• _What to produce_: Leave the pictures in the listing below aside and reproduce exactly the lines starting with the one with "Sentinel-1A (https://search.asf.alaska.edu/#/, accessed" and going on through the one with "A curved wide", both ends included.
(Information supplied begins)
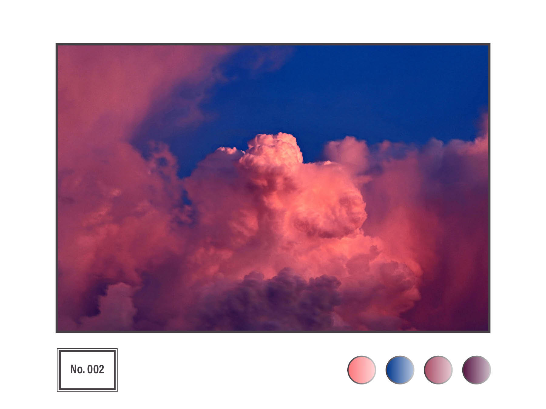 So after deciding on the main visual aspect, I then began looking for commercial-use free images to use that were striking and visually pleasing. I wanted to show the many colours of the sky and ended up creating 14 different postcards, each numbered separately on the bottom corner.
(Information supplied ends)
(Information supplied begins)
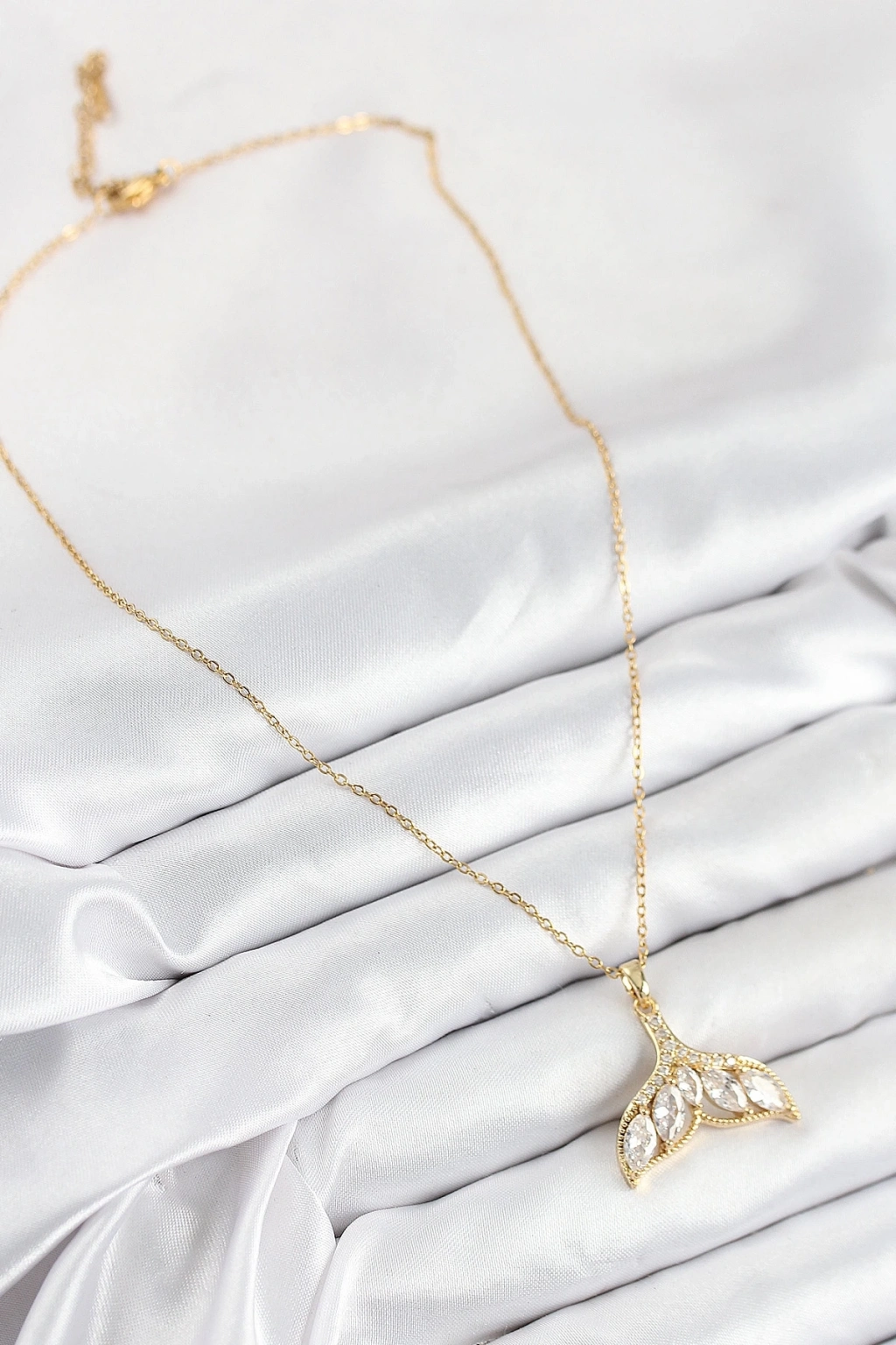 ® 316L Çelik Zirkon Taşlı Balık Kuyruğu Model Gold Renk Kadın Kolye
(Information supplied ends)
(Information supplied begins)
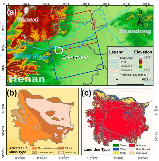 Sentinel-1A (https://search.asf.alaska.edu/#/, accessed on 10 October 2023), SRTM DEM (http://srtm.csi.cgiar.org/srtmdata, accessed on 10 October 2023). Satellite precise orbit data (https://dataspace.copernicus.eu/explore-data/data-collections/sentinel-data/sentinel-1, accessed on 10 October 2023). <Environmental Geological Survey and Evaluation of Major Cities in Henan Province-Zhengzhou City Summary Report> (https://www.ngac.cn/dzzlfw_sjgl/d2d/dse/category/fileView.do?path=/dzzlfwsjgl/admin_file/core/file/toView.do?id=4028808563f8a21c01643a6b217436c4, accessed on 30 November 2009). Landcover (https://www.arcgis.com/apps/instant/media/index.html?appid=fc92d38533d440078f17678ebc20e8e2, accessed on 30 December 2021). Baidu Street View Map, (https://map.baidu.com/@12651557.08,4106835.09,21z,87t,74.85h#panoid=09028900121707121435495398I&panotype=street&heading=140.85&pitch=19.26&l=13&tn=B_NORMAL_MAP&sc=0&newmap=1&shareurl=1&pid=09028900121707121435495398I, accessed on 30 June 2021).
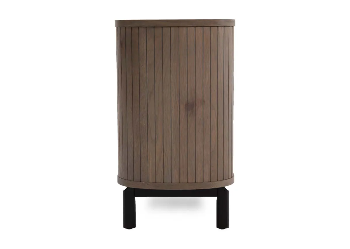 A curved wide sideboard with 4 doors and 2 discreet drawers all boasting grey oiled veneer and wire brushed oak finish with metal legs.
(Information supplied ends)
• _Task response_:
 Sentinel-1A (https://search.asf.alaska.edu/#/, accessed on 10 October 2023), SRTM DEM (http://srtm.csi.cgiar.org/srtmdata, accessed on 10 October 2023). Satellite precise orbit data (https://dataspace.copernicus.eu/explore-data/data-collections/sentinel-data/sentinel-1, accessed on 10 October 2023). <Environmental Geological Survey and Evaluation of Major Cities in Henan Province-Zhengzhou City Summary Report> (https://www.ngac.cn/dzzlfw_sjgl/d2d/dse/category/fileView.do?path=/dzzlfwsjgl/admin_file/core/file/toView.do?id=4028808563f8a21c01643a6b217436c4, accessed on 30 November 2009). Landcover (https://www.arcgis.com/apps/instant/media/index.html?appid=fc92d38533d440078f17678ebc20e8e2, accessed on 30 December 2021). Baidu Street View Map, (https://map.baidu.com/@12651557.08,4106835.09,21z,87t,74.85h#panoid=09028900121707121435495398I&panotype=street&heading=140.85&pitch=19.26&l=13&tn=B_NORMAL_MAP&sc=0&newmap=1&shareurl=1&pid=09028900121707121435495398I, accessed on 30 June 2021).
 A curved wide sideboard with 4 doors and 2 discreet drawers all boasting grey oiled veneer and wire brushed oak finish with metal legs.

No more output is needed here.